Mark Gonyea Spills Design Secrets
Born in northern New York seven years before he saw Star Wars for the first time, Mark spent the better portion of my early life watching tv, going to movies and playing video games. Little did he realize this was to be the essential ground work for a career in cartooning and graphic design.
A Book About Design: Complicated Doesn't Make It Good takes a most creative approach to introducing young (and not-so-young) readers to the fundamental elements of design. Using simple shapes, lines, and a sense of humor, this book explains why complicated doesn't make it good-and why that matters. Mark Gonyea opens up the world of design and makes it accessible to young artists and non-artists alike.
Another Book About Design: Complicated Doesn’t Make It Bad
In A Book About Design, Mark Gonyea taught us why a complicated design does not necessarily mean a good design. Now he's back in super-heroic form to demonstrate that the beauty of "complicated" can be found in its underlying simplicity.

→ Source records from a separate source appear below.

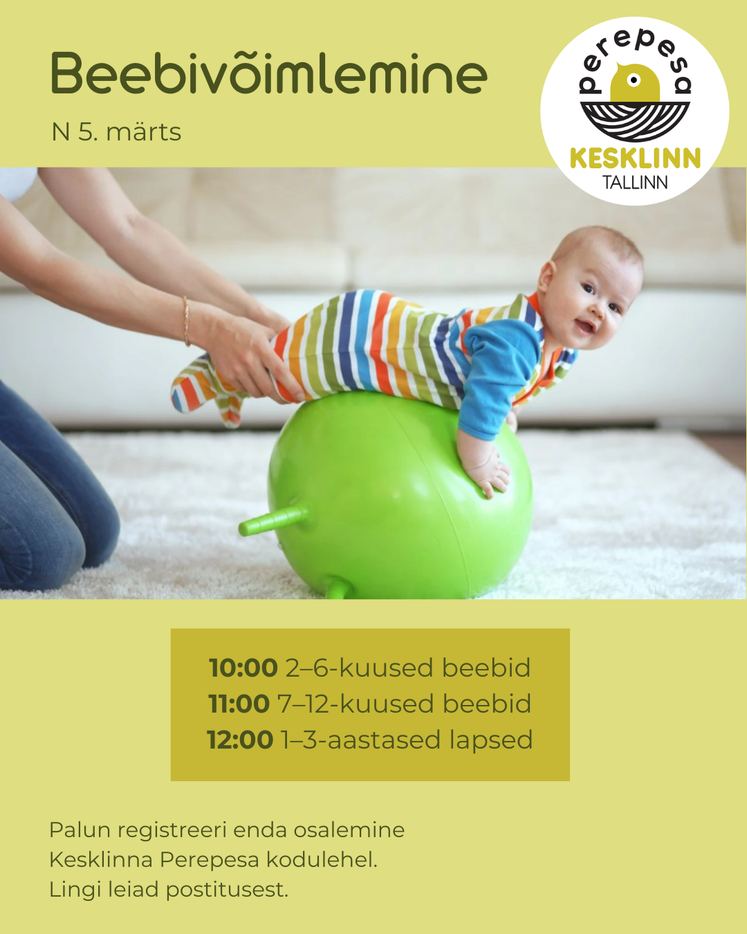 Broneeringu kättesaamisel kinnitame beebivõimlemise koha e-kirja teel.
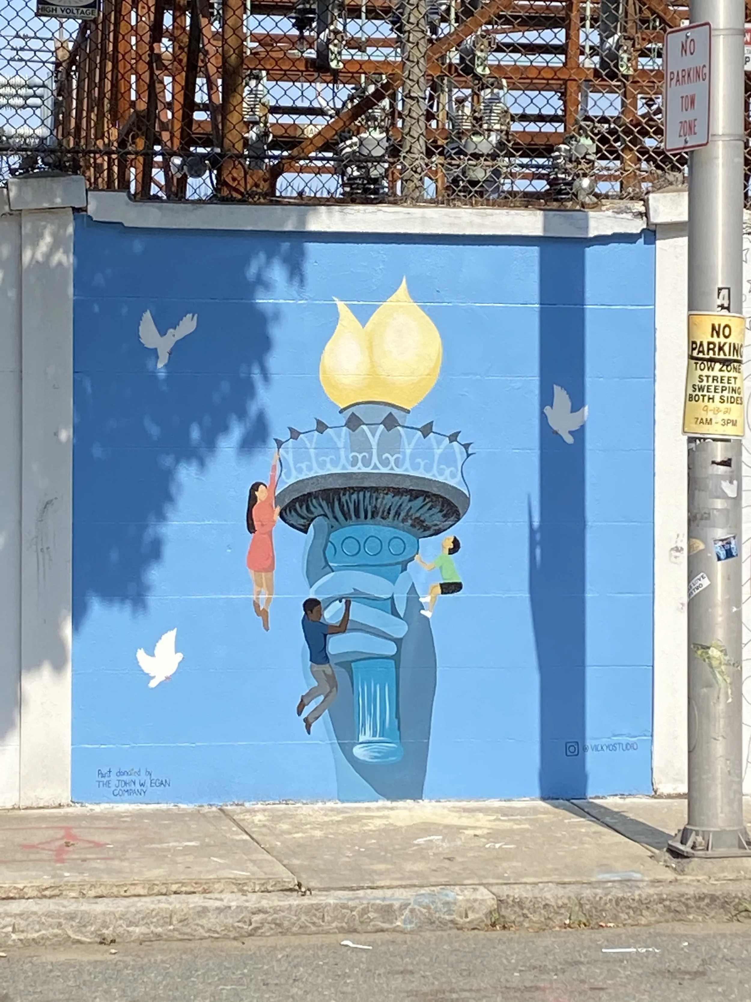 Created for the Punto Urban Art Museum’s ‘American Dream’ outdoor mural exhibit (2021). Named after a poem, of the same name, by Emily Dickinson this mural is about undying hopes, dreams and the struggles to achieve the ‘American Dream’. Located on Peabody St, Salem MA, painted in acrylic. 8ft x 8ft
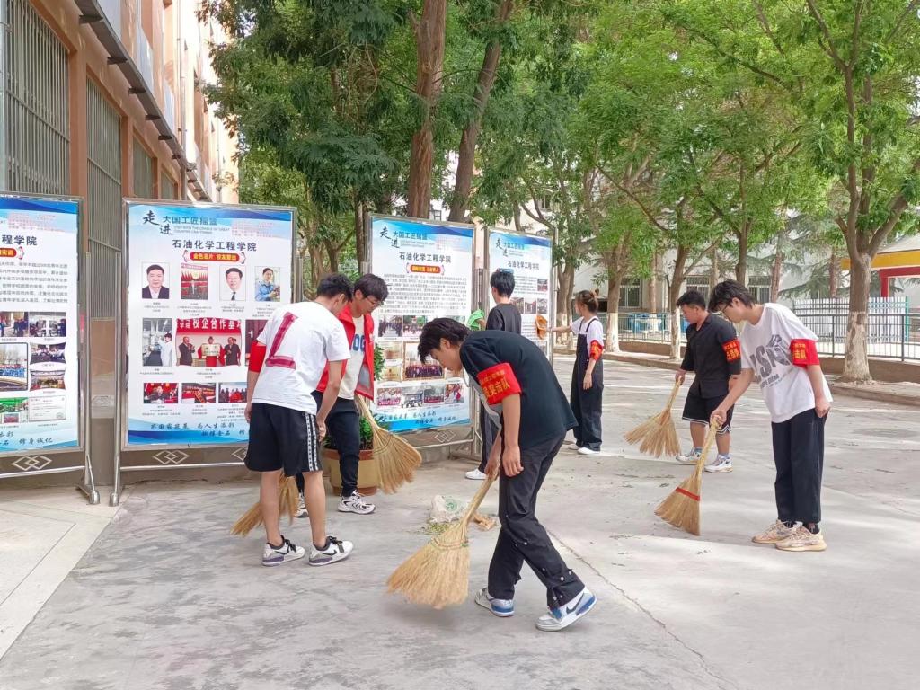 活动过程中,同学们精神饱满,各司其职,在做好个人防护的基础上,携带着分发的工具,认真清扫草丛里和路边的废弃瓶子、纸屑、塑料袋,仔细擦拭桌子、地面、展板以及卫生死角的灰尘,一拾一捡,彰显着石化精神,一擦一拭,蕴含着石化情怀,志愿者不怕苦、不怕累、不怕脏,用笑容消除酷暑,以热情化解疲劳,充分发扬“奉献、友爱、互助、进步”的志愿服务精神,劳动之衷,在于品格的提升,劳动之美,在于坚持的身影,一幅幅忙碌的画面、一个个流汗的背影、一段段温暖的交流绘制着这个毕业季最动人的风景。经过半天的志愿服务活动,公司学习、生活环境焕然一新,望着用劳动创建的美好绿色校园,师生们脸上都洋溢出幸福的笑容。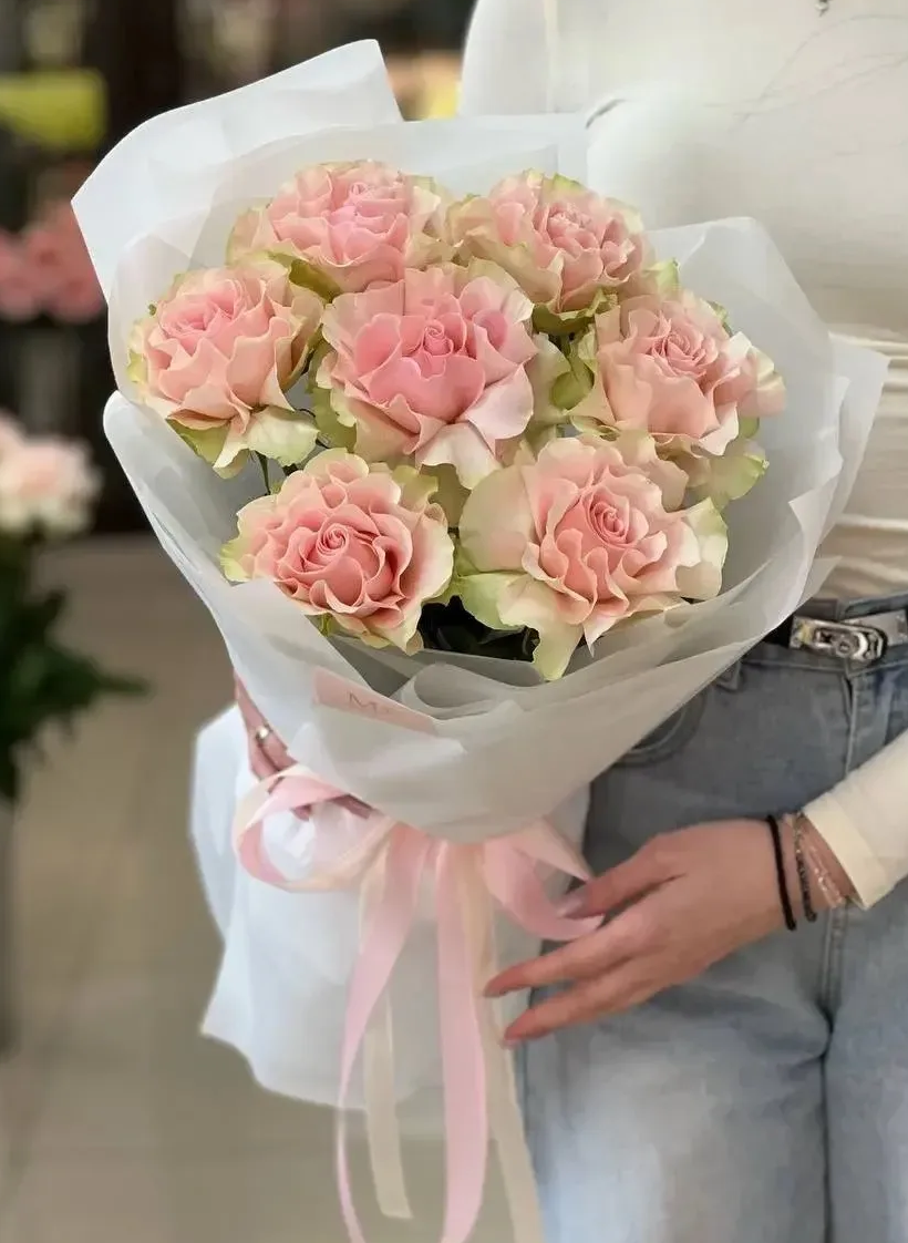 Изысканный букет из розовой французской розы - воплощение утончённой романтики и природной элегантности.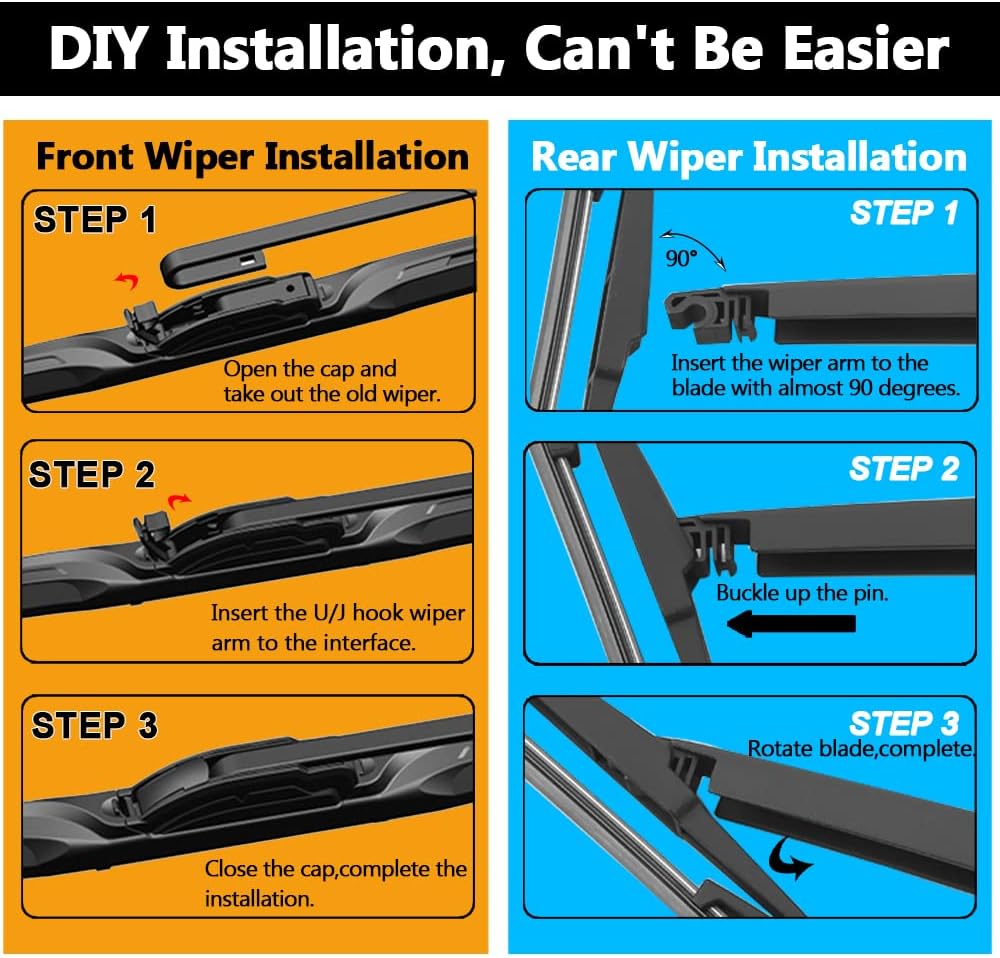 - EASY-TO-INSTALL: Quick and easy to install. fit perfect to your car, like the original parts. It’s installed to the wiper arm by means of J/H.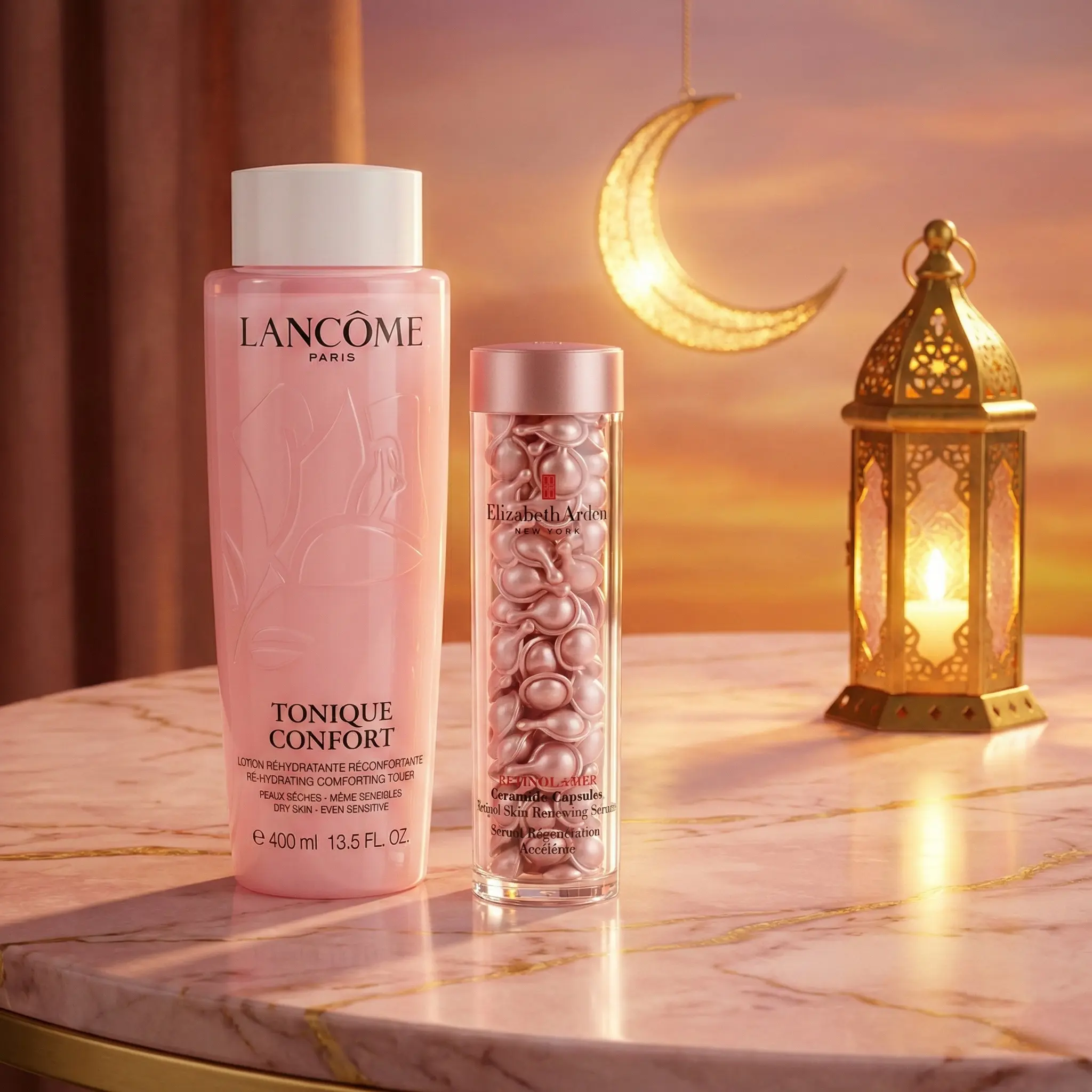 斋月终极护肤方案:在神圣的斋月期间,缺水和睡眠不足是肌肤最大的敌人。我们结合了世界上最好的修护精华和最舒缓的爽肤水,让您从封斋饭到开斋饭都保持容光焕发。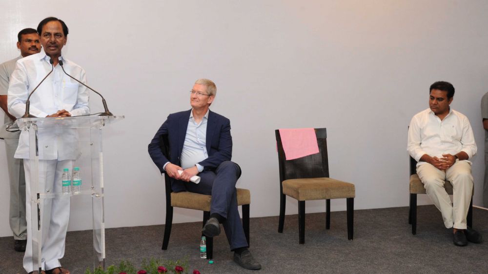 Chief Minister K. Chandrashekar Rao inaugurated the Apple Development Centre along with the Apple CEO Tim Cook and IT Minister KT Rama Rao at Waverock building, Nanakramguda, Hyderabad on 19th May 2016.
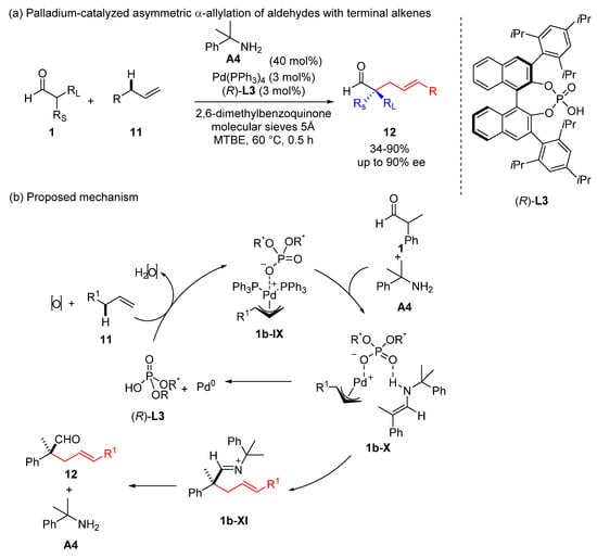 (a) Palladium-catalyzed asymmetric α-allylation of aldehydes with allylic alcohols and (b) proposed mechanism.

Mesmerizing to look at and easy to understand, this book breaks down more design concepts and lets you see through the eyes of a graphic designer.
A Book About Color
Beginning with the six houses on Color Street—red, orange, yellow, green, blue and purple—and concluding with the introduction of the color wheel, in this follow-up to A Book About Design Mark Gonyea explains how artists visualize and choose colors. A Book about Color uses simple building blocks of color, shape, and design to introduce young artists to the world of color theory.
A Wish For Elves
The holiday season can be stressful, even for a kid. But when one boy makes a wish for a little holiday help, he gets more than he bargained for. And what will Santa do without his elves? Mark Gonyea uses comic-strip styling to great effect in this clever picture book.
If You Have to Ask…
"Does this dress make me look fat?"
"Are we there yet?"
"Would you like a million dollars?"
What do you think? If You Have to Ask... takes life’s most ubiquitous—and annoying—questions and reveals that the answer is always “Yes” or always “No.”
Refreshingly simple illustrations and tongue-in-cheek text combine to provide an amusing perspective on dealing with common situations and the obvious questions we encounter everyday. Each spread features a universal question, a graphic “Yes” or “No” check box with a pithy (and often sardonic) punch line, plus wonderfully quirky and original illustrations.